--- PROBLEM REQUIREMENTS ---
Once you reach the line with "最終面接以外の一次面接や二次" below, copy each line exactly, stopping after the line with "a beautifully drawn", and skip any pictures.

--- RECORDS SUPPLIED ---
____
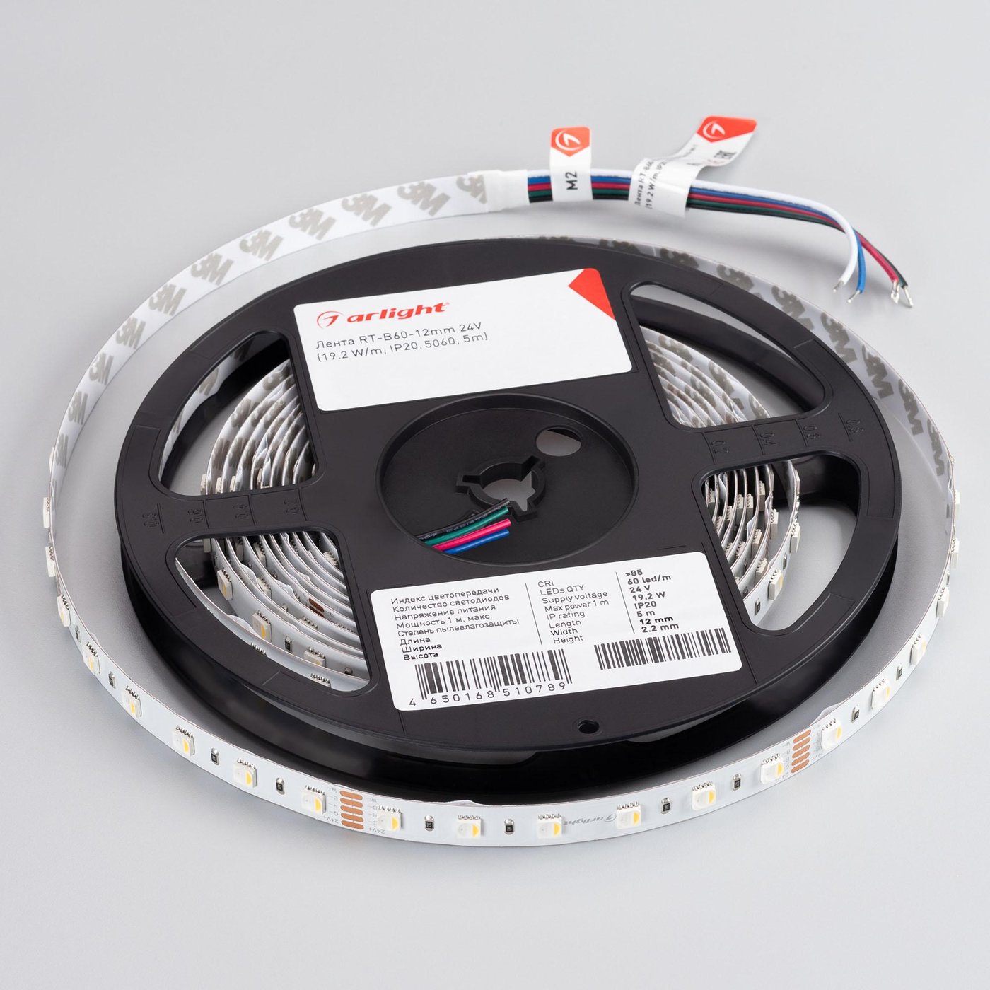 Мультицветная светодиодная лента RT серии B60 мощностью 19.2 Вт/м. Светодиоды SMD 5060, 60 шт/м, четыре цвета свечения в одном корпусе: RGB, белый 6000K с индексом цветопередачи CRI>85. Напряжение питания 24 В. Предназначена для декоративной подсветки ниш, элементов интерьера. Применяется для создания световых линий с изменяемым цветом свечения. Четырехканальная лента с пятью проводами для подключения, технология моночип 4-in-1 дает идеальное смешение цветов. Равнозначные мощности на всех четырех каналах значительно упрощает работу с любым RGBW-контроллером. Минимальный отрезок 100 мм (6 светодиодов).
____
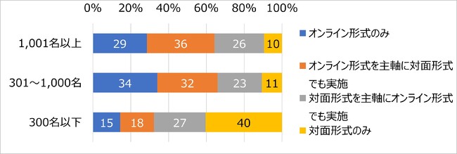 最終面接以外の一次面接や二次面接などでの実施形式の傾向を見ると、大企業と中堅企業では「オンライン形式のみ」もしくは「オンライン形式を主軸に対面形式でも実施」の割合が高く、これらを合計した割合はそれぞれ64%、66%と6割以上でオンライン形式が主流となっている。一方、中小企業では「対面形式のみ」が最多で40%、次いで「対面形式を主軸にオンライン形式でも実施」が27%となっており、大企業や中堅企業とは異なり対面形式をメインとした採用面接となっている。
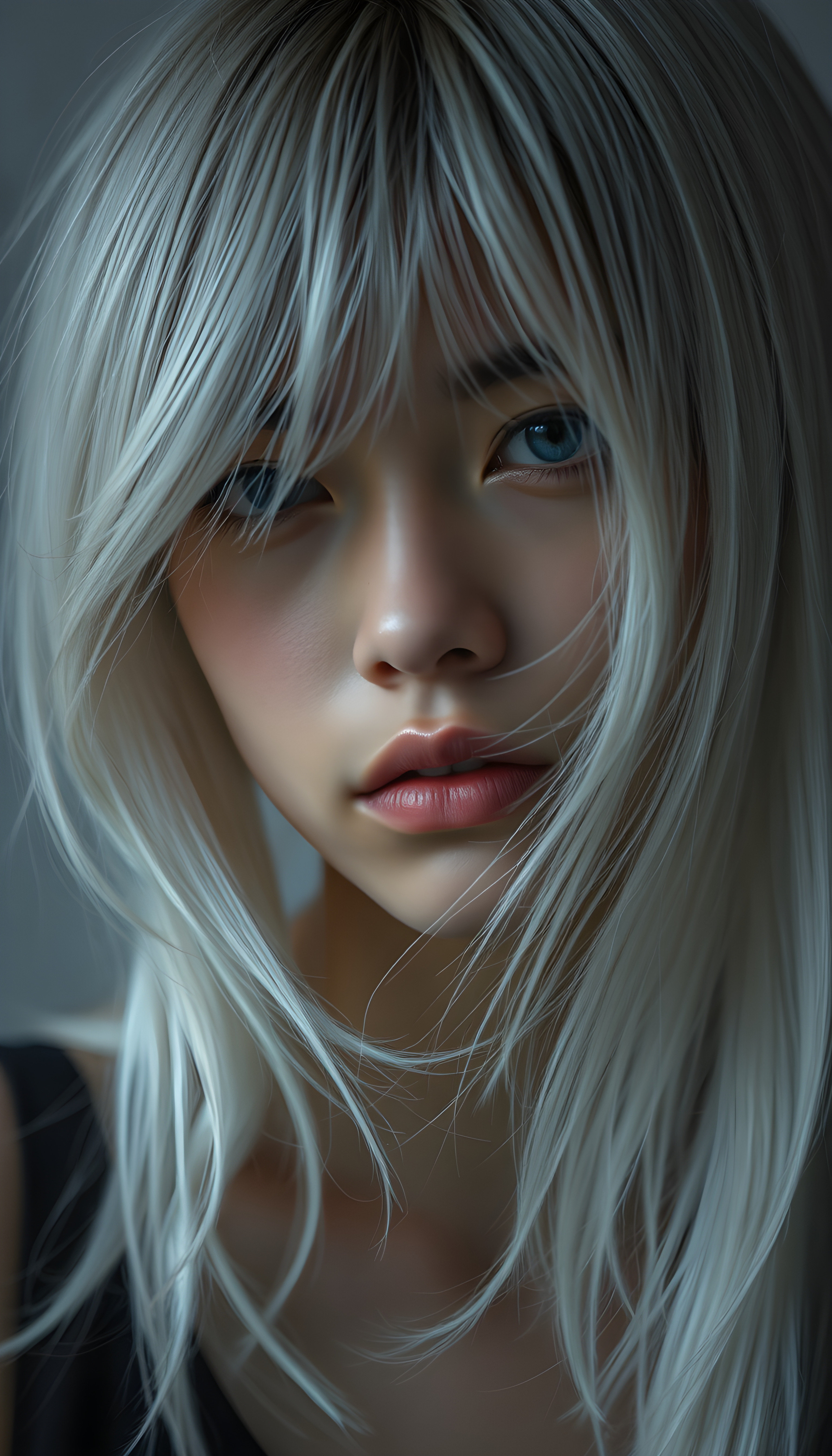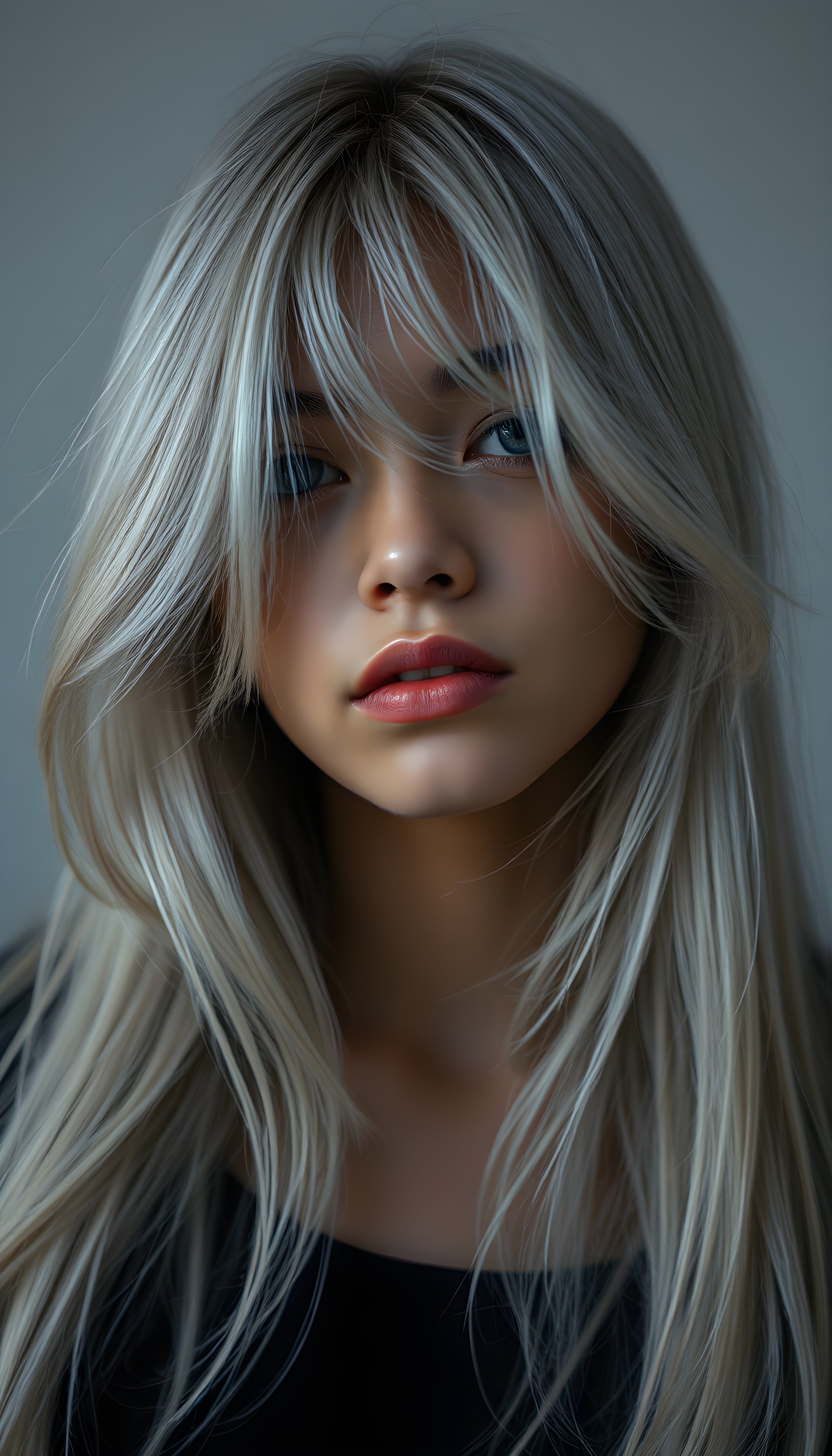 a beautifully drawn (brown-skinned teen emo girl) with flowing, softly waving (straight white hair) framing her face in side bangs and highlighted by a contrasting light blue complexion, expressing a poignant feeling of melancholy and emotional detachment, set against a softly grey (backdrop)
____
--- OUTPUT BELOW ---
 最終面接以外の一次面接や二次面接などでの実施形式の傾向を見ると、大企業と中堅企業では「オンライン形式のみ」もしくは「オンライン形式を主軸に対面形式でも実施」の割合が高く、これらを合計した割合はそれぞれ64%、66%と6割以上でオンライン形式が主流となっている。一方、中小企業では「対面形式のみ」が最多で40%、次いで「対面形式を主軸にオンライン形式でも実施」が27%となっており、大企業や中堅企業とは異なり対面形式をメインとした採用面接となっている。
 a beautifully drawn (brown-skinned teen emo girl) with flowing, softly waving (straight white hair) framing her face in side bangs and highlighted by a contrasting light blue complexion, expressing a poignant feeling of melancholy and emotional detachment, set against a softly grey (backdrop)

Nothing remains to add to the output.